Edward v. Lombardi, 2013 IL App (3d) 120518 (McDade)
Facts: Plaintiff was injured by a llama while caring for the defendants animals when they were out of town. The plaintiff testified that he had seen prior incidents of aggressive behavior by the llama including an incident in the presence of the defendant where the llama reared up and bloodied the nose and mouth of plaintiff. Defendant denied knowledge of any aggressive behavior towards the plaintiff or other humans, but admitted to seeing the llama exhibit aggressive behavior toward other animals. The plaintiff initially filed suit under the Animal Control Act, which the defendant raised affirmative defenses, including assumption of the risk.
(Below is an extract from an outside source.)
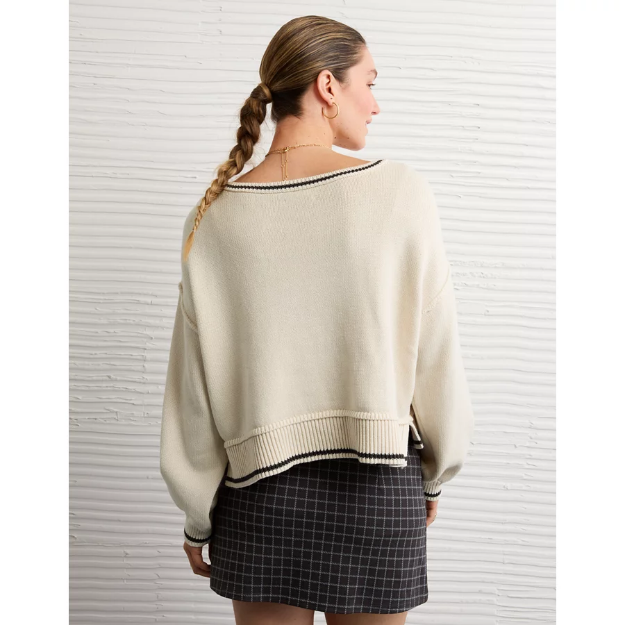 AE Boatneck Graphic Sweater – Cream

The Animal Control count was dismissed with leave for the plaintiff to add a negligence count. The defendant then moved for summary judgment, without having first raised the affirmative defense of assumption of the risk, and the trial court granted the motion specifically finding that the plaintiff had assumed the risk of injury.
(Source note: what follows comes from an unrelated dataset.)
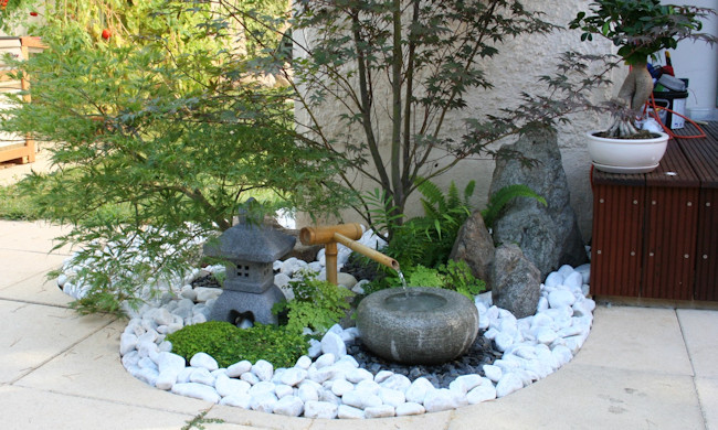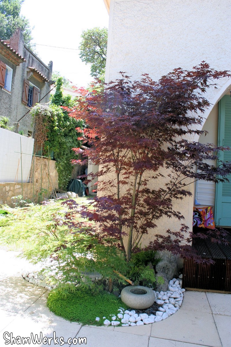 Same thing for the basin : I originally wanted something more natural (evoking Noguchi's fountain at the NYC Metropolitan museum), that one will stay here until I find the perfect one. Even I'm more than satisfied with the result, it's not really a "Japanese" garden, but more a "Japanese-inspired" one. I've tried as hard as possible to follow the rules and codes of a traditional Japanese garden (whereas adapting it with the local plants and available space), but I'm very far from the look and feel of the masters in that art!

Holding: As a result of past attacks on the plaintiff, he assumed the risk of injury when accepting a job that involved feeding the animal. Further, plaintiff waived its argument that the assumption of risk wasn’t specifically pled or that the deliberate encounter exception applied because they weren’t raised in the underlying proceedings.
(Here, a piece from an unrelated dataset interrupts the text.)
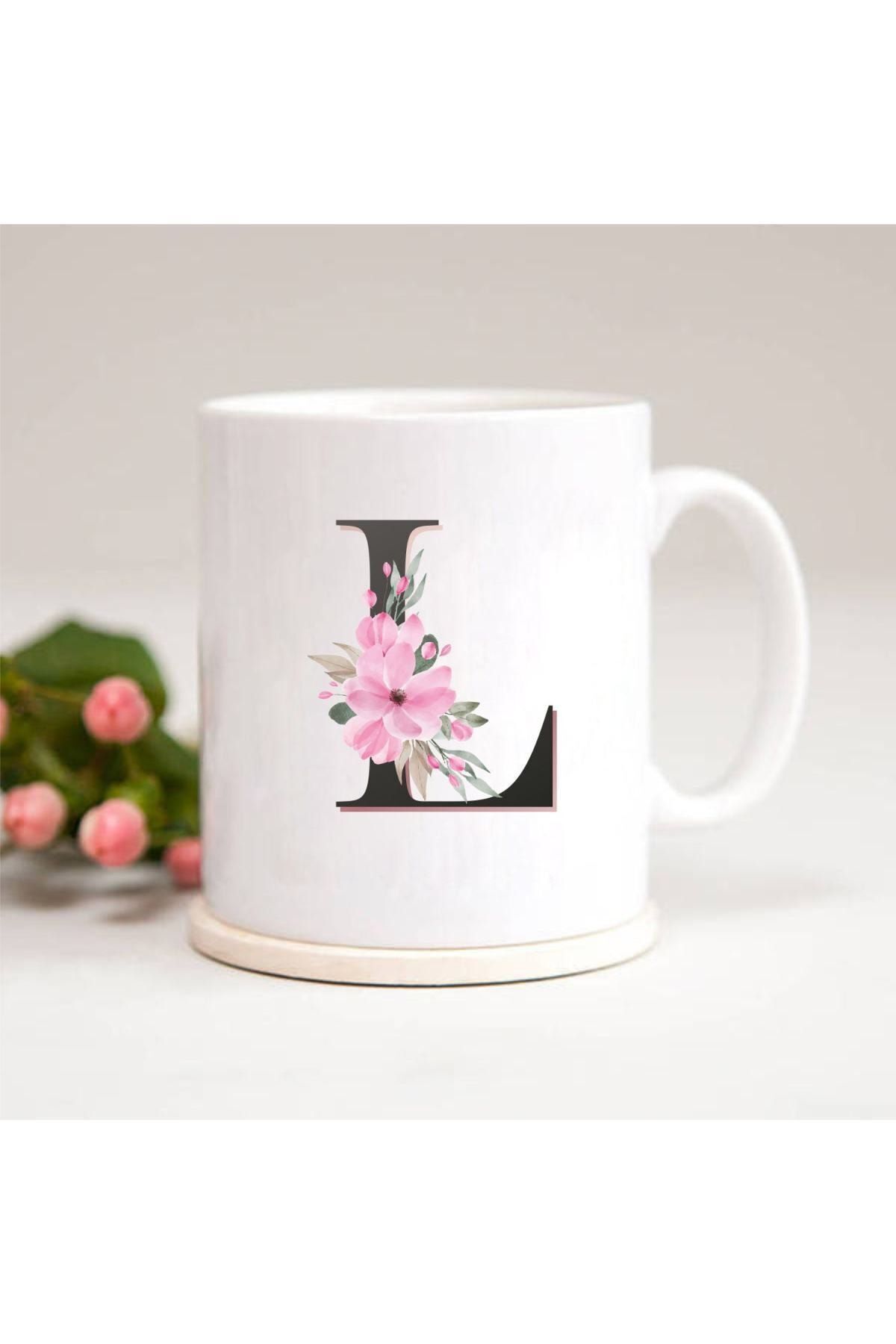 Beyaz L Harfli Baskılı Kupa Bardak

Filed in Trial Book Under: Animal Control Act, Animals, Assumption of Risk, Waiver
Commentary: Clearly the plaintiff was a “keeper” of the animal under the Animal Control Act so the dismissal of that count was not surprising, nor a subject of the appeal. The problem for him is that as a “keeper” with a paid contract to care for the animal, coupled with specific knowledge of the dangerous propensities of the llama, he was hard pressed to be able to argue against the assumption of the risk. What’s more interesting here is the throwaway comment by the appellate court regarding the waiver of the deliberate encounter exception where the opinion states:
“we note that is unclear whether the deliberate encounter exception would apply to Edwards’ assumption of the risk. The doctrine normally applies in the context of open and obvious dangers on land, although the appellate court in Morrissey indicated that even when primary assumption of the risk applies, the deliberate encounter exception may still allow a plaintiff to recover. (Morrissey, 404 Ill.App.3d at 732 (finding insufficient support to conclude that primary assumption of the risk necessarily abrogates the deliberate encounter exception)). We need not decide whether the deliberate encounter exception applies here, however, because once again Edwards has waived the argument on appeal by failing to raise it below.”
I would have liked to have seen the analysis on this issue because it seems as if the deliberate encounter exception would be appropriate here.